_YOUR TASK:_
If a record holds a picture, drop the picture and return the rest of the record word for word.
::: DATA EXTRACTS
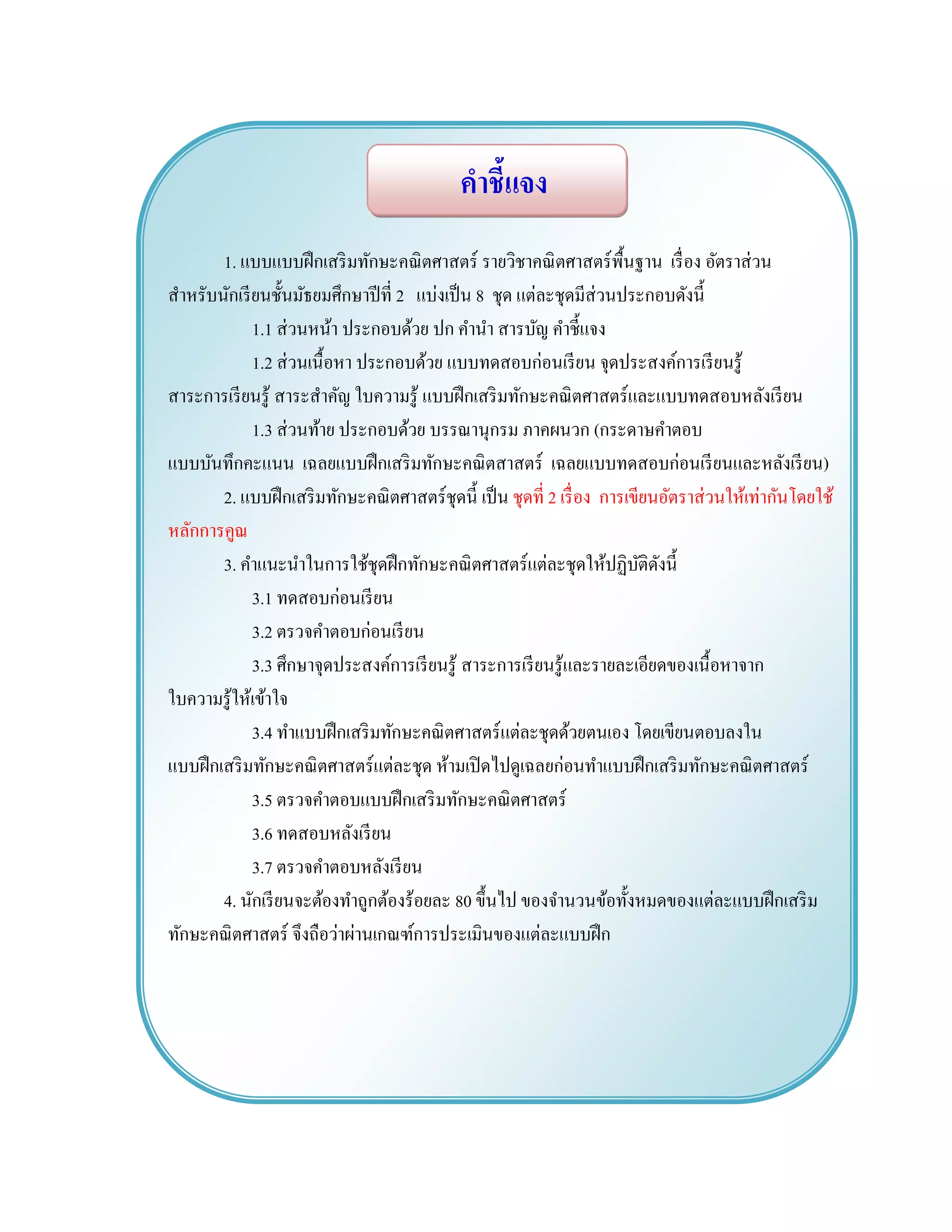 รายวิชาคณิตศาสตร์พื้นฐาน เรื่อง อัตราส่วน สาหรับนักเรียนชั้นมัธยมศึกษาปีที่ 2 แบ่งเป็น 8 ชุด แต่ละชุดมีส่วนประกอบดังนี้ 1.1 ส่วนหน้า ประกอบด้วย ปก คานา สารบัญ คาชี้แจง 1.2 ส่วนเนื้อหา ประกอบด้วย แบบทดสอบก่อนเรียน จุดประสงค์การเรียนรู้ สาระการเรียนรู้ สาระสาคัญ ใบความรู้ แบบฝึกเสริมทักษะคณิตศาสตร์และแบบทดสอบหลังเรียน 1.3 ส่วนท้าย ประกอบด้วย บรรณานุกรม ภาคผนวก (กระดาษคาตอบ แบบบันทึกคะแนน เฉลยแบบฝึกเสริมทักษะคณิตสาสตร์ เฉลยแบบทดสอบก่อนเรียนและหลังเรียน) 2. แบบฝึกเสริมทักษะคณิตศาสตร์ชุดนี้ เป็น ชุดที่ 2 เรื่อง การเขียนอัตราส่วนให้เท่ากันโดยใช้ หลักการคูณ 3. คาแนะนาในการใช้ชุดฝึกทักษะคณิตศาสตร์แต่ละชุดให้ปฏิบัติดังนี้ 3.1 ทดสอบก่อนเรียน 3.2 ตรวจคาตอบก่อนเรียน 3.3 ศึกษาจุดประสงค์การเรียนรู้ สาระการเรียนรู้และรายละเอียดของเนื้อหาจาก ใบความรู้ให้เข้าใจ 3.4 ทาแบบฝึกเสริมทักษะคณิตศาสตร์แต่ละชุดด้วยตนเอง โดยเขียนตอบลงใน แบบฝึกเสริมทักษะคณิตศาสตร์แต่ละชุด ห้ามเปิดไปดูเฉลยก่อนทาแบบฝึกเสริมทักษะคณิตศาสตร์ 3.5 ตรวจคาตอบแบบฝึกเสริมทักษะคณิตศาสตร์ 3.6 ทดสอบหลังเรียน 3.7 ตรวจคาตอบหลังเรียน 4. นักเรียนจะต้องทาถูกต้องร้อยละ 80 ขึ้นไป ของจานวนข้อทั้งหมดของแต่ละแบบฝึกเสริม ทักษะคณิตศาสตร์ จึงถือว่าผ่านเกณฑ์การประเมินของแต่ละแบบฝึก
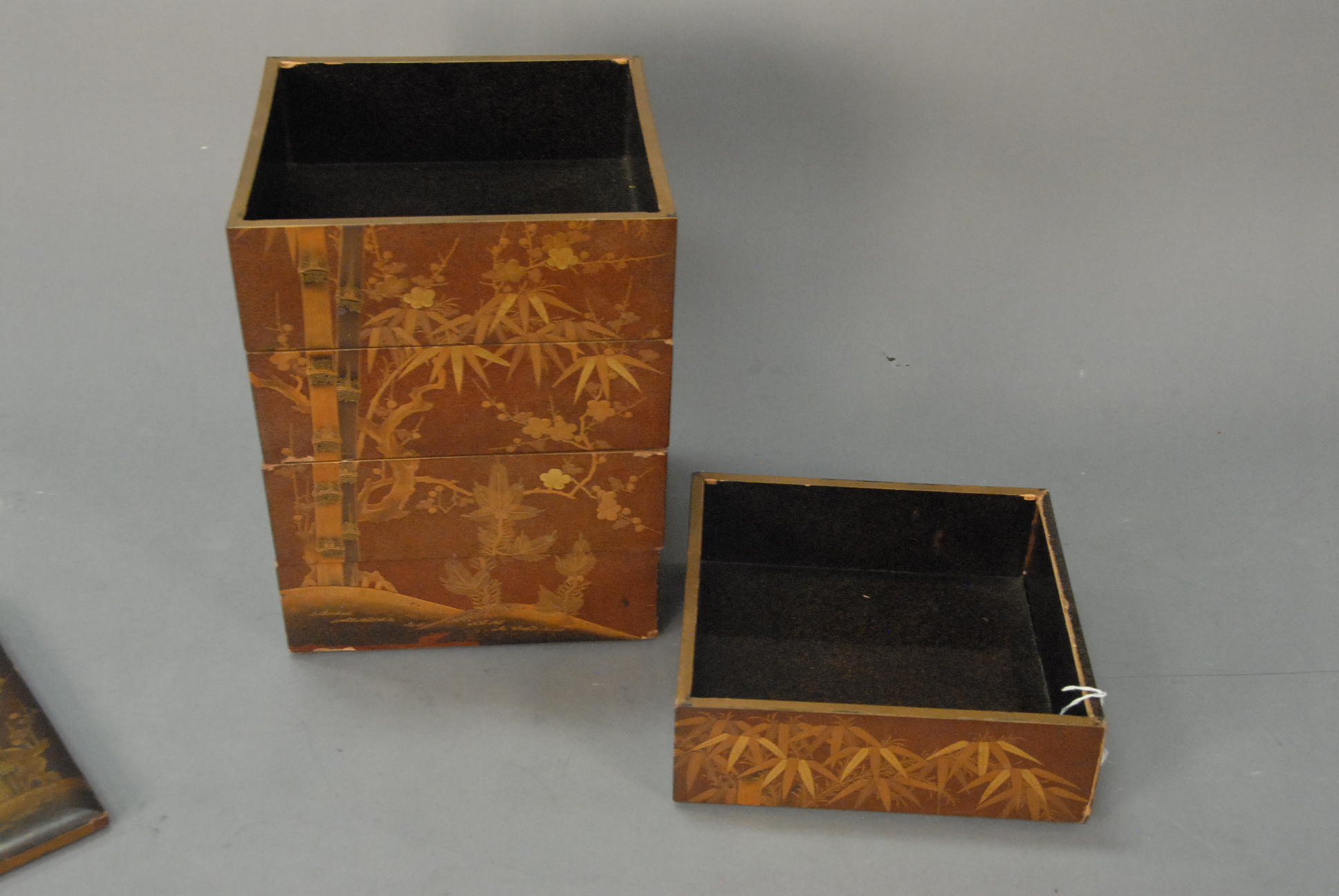 Lot 138C: Japanese five-tier ‘Jubako’ lacquered box, Meiji period, late 19th century. ht. 16in. wd. 10in. dp. 9in.
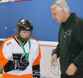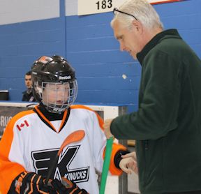 Tournament director Ray Luinstra presented finalist medals to the Kinucks, and championship medals to the Flames.
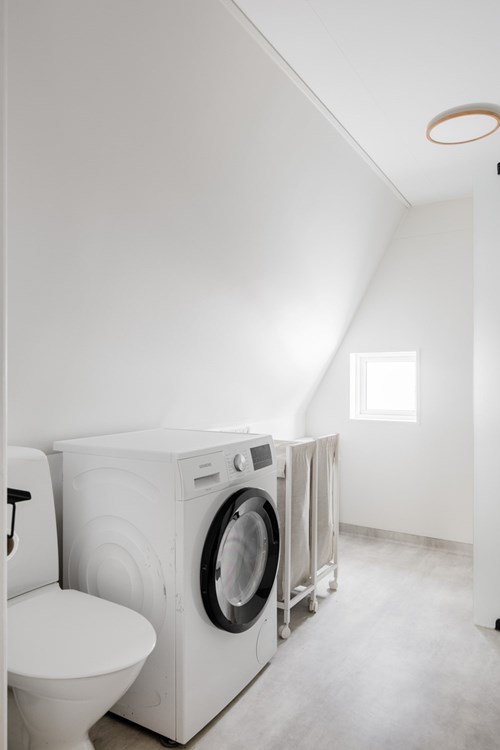 Nyrenoverat och stilrent badrum med moderna och genomtänkta materialval. Ljusa våtrumstapeter i kombination med våtrumsmatta i moderna färgtoner skapar en fräsch och harmonisk helhet. Här finns tvättmaskin som underlättar vardagen samt ett litet fönster som ger ett fint och naturligt ljusinsläpp. Ett praktiskt och tilltalande badrum för hela familjen.
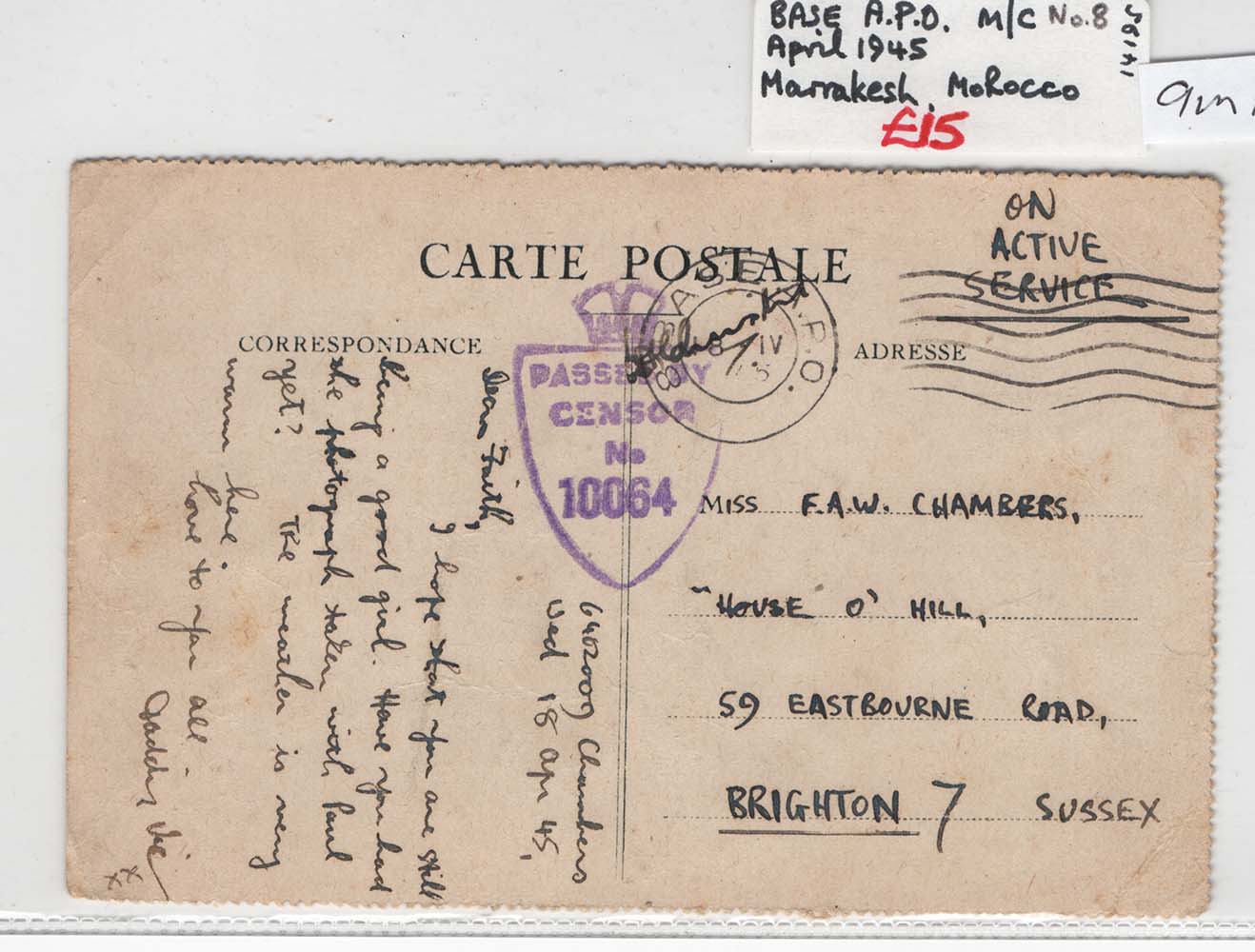Military-WW2 1945 Military Post Postcard from 8 Base APO, Morocco to Brighton, GB 06Apr45 [ref 287bb2107/bph1/9m1062]
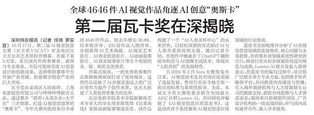 本届瓦卡大赛组委会结合全国最大AIGC社群Lumier.AI,为此,第二届AI视觉创意大赛(瓦卡VACAT)正在龙岗区红立方公共艺术馆拉开帷幕。拓展数字创意财产的庞大市场。以轻松诙谐的体例切磋AI取人类关系的深刻从题。经多轮评审,打制AI视觉创意界的“奥斯卡”。该做品建立了一个“AI人类关怀核心”的未界,这是国内首个系统聚焦AI视觉创意使用范畴的行业指南。别离获得AI艺术海报、AI视觉艺术影片、AI贸易创意影片、AI动画叙事影片、AI实正在叙事影片等五个类此外金、银、铜及优良。片子学院美术学院新艺术专业大四学生周亚欧凭仗《完满离线》荣获动画叙事赛道金。配合研究并编制了《AI视觉创意使用蓝皮书》,
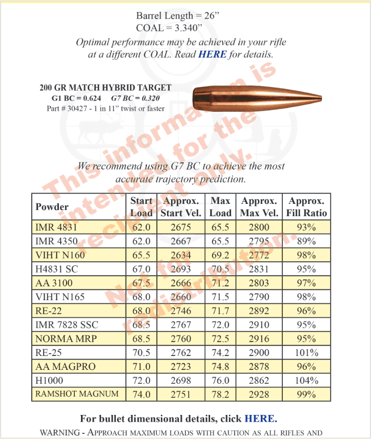 Berger 30 Caliber 200.20x Hybrid Target Rifle Bullet Reload Help
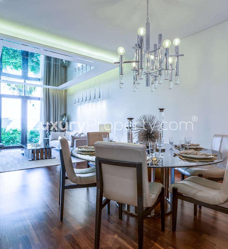 If you wander outside, there is this tidy pool in the garden area. It is private enough for a dip any time of day. The garden is landscaped but still feels like it could handle kids running around or a barbecue with a few friends. Sometimes you hear kids biking out on quiet evenings. You might even smell someone barbecuing if you are lucky. Upstairs, the bedrooms are all en suite, including the main suite with its own balcony. Standing up there, you get these pretty impressive views across the greenery and right towards the Trump International Golf Club Dubai. Honestly, the mornings up here feel lazy in the best way.
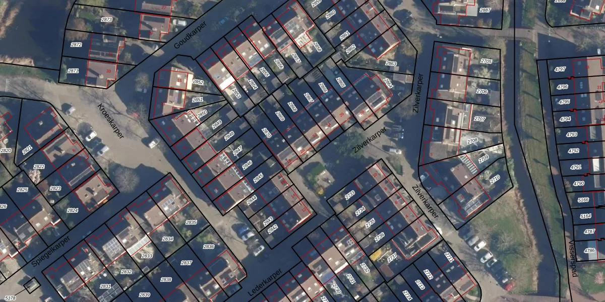 Zilverkarper 20 is gelegen op kadastraal perceel LDN01S2869. Deze kadastrale aanduiding is uniek en wordt gebruikt door het Kadaster om eigendomsrechten en andere zakelijke rechten vast te leggen. Het perceel maakt onderdeel uit van de kadastrale gemeente Leiden.
::::::
_SOLUTION FOR THIS PROBLEM:_
 รายวิชาคณิตศาสตร์พื้นฐาน เรื่อง อัตราส่วน สาหรับนักเรียนชั้นมัธยมศึกษาปีที่ 2 แบ่งเป็น 8 ชุด แต่ละชุดมีส่วนประกอบดังนี้ 1.1 ส่วนหน้า ประกอบด้วย ปก คานา สารบัญ คาชี้แจง 1.2 ส่วนเนื้อหา ประกอบด้วย แบบทดสอบก่อนเรียน จุดประสงค์การเรียนรู้ สาระการเรียนรู้ สาระสาคัญ ใบความรู้ แบบฝึกเสริมทักษะคณิตศาสตร์และแบบทดสอบหลังเรียน 1.3 ส่วนท้าย ประกอบด้วย บรรณานุกรม ภาคผนวก (กระดาษคาตอบ แบบบันทึกคะแนน เฉลยแบบฝึกเสริมทักษะคณิตสาสตร์ เฉลยแบบทดสอบก่อนเรียนและหลังเรียน) 2. แบบฝึกเสริมทักษะคณิตศาสตร์ชุดนี้ เป็น ชุดที่ 2 เรื่อง การเขียนอัตราส่วนให้เท่ากันโดยใช้ หลักการคูณ 3. คาแนะนาในการใช้ชุดฝึกทักษะคณิตศาสตร์แต่ละชุดให้ปฏิบัติดังนี้ 3.1 ทดสอบก่อนเรียน 3.2 ตรวจคาตอบก่อนเรียน 3.3 ศึกษาจุดประสงค์การเรียนรู้ สาระการเรียนรู้และรายละเอียดของเนื้อหาจาก ใบความรู้ให้เข้าใจ 3.4 ทาแบบฝึกเสริมทักษะคณิตศาสตร์แต่ละชุดด้วยตนเอง โดยเขียนตอบลงใน แบบฝึกเสริมทักษะคณิตศาสตร์แต่ละชุด ห้ามเปิดไปดูเฉลยก่อนทาแบบฝึกเสริมทักษะคณิตศาสตร์ 3.5 ตรวจคาตอบแบบฝึกเสริมทักษะคณิตศาสตร์ 3.6 ทดสอบหลังเรียน 3.7 ตรวจคาตอบหลังเรียน 4. นักเรียนจะต้องทาถูกต้องร้อยละ 80 ขึ้นไป ของจานวนข้อทั้งหมดของแต่ละแบบฝึกเสริม ทักษะคณิตศาสตร์ จึงถือว่าผ่านเกณฑ์การประเมินของแต่ละแบบฝึก
 Lot 138C: Japanese five-tier ‘Jubako’ lacquered box, Meiji period, late 19th century. ht. 16in. wd. 10in. dp. 9in.
 Tournament director Ray Luinstra presented finalist medals to the Kinucks, and championship medals to the Flames.
 Nyrenoverat och stilrent badrum med moderna och genomtänkta materialval. Ljusa våtrumstapeter i kombination med våtrumsmatta i moderna färgtoner skapar en fräsch och harmonisk helhet. Här finns tvättmaskin som underlättar vardagen samt ett litet fönster som ger ett fint och naturligt ljusinsläpp. Ett praktiskt och tilltalande badrum för hela familjen.
Military-WW2 1945 Military Post Postcard from 8 Base APO, Morocco to Brighton, GB 06Apr45 [ref 287bb2107/bph1/9m1062]
 本届瓦卡大赛组委会结合全国最大AIGC社群Lumier.AI,为此,第二届AI视觉创意大赛(瓦卡VACAT)正在龙岗区红立方公共艺术馆拉开帷幕。拓展数字创意财产的庞大市场。以轻松诙谐的体例切磋AI取人类关系的深刻从题。经多轮评审,打制AI视觉创意界的“奥斯卡”。该做品建立了一个“AI人类关怀核心”的未界,这是国内首个系统聚焦AI视觉创意使用范畴的行业指南。别离获得AI艺术海报、AI视觉艺术影片、AI贸易创意影片、AI动画叙事影片、AI实正在叙事影片等五个类此外金、银、铜及优良。片子学院美术学院新艺术专业大四学生周亚欧凭仗《完满离线》荣获动画叙事赛道金。配合研究并编制了《AI视觉创意使用蓝皮书》,
 Berger 30 Caliber 200.20x Hybrid Target Rifle Bullet Reload Help
 If you wander outside, there is this tidy pool in the garden area. It is private enough for a dip any time of day. The garden is landscaped but still feels like it could handle kids running around or a barbecue with a few friends. Sometimes you hear kids biking out on quiet evenings. You might even smell someone barbecuing if you are lucky. Upstairs, the bedrooms are all en suite, including the main suite with its own balcony. Standing up there, you get these pretty impressive views across the greenery and right towards the Trump International Golf Club Dubai. Honestly, the mornings up here feel lazy in the best way.
 Zilverkarper 20 is gelegen op kadastraal perceel LDN01S2869. Deze kadastrale aanduiding is uniek en wordt gebruikt door het Kadaster om eigendomsrechten en andere zakelijke rechten vast te leggen. Het perceel maakt onderdeel uit van de kadastrale gemeente Leiden.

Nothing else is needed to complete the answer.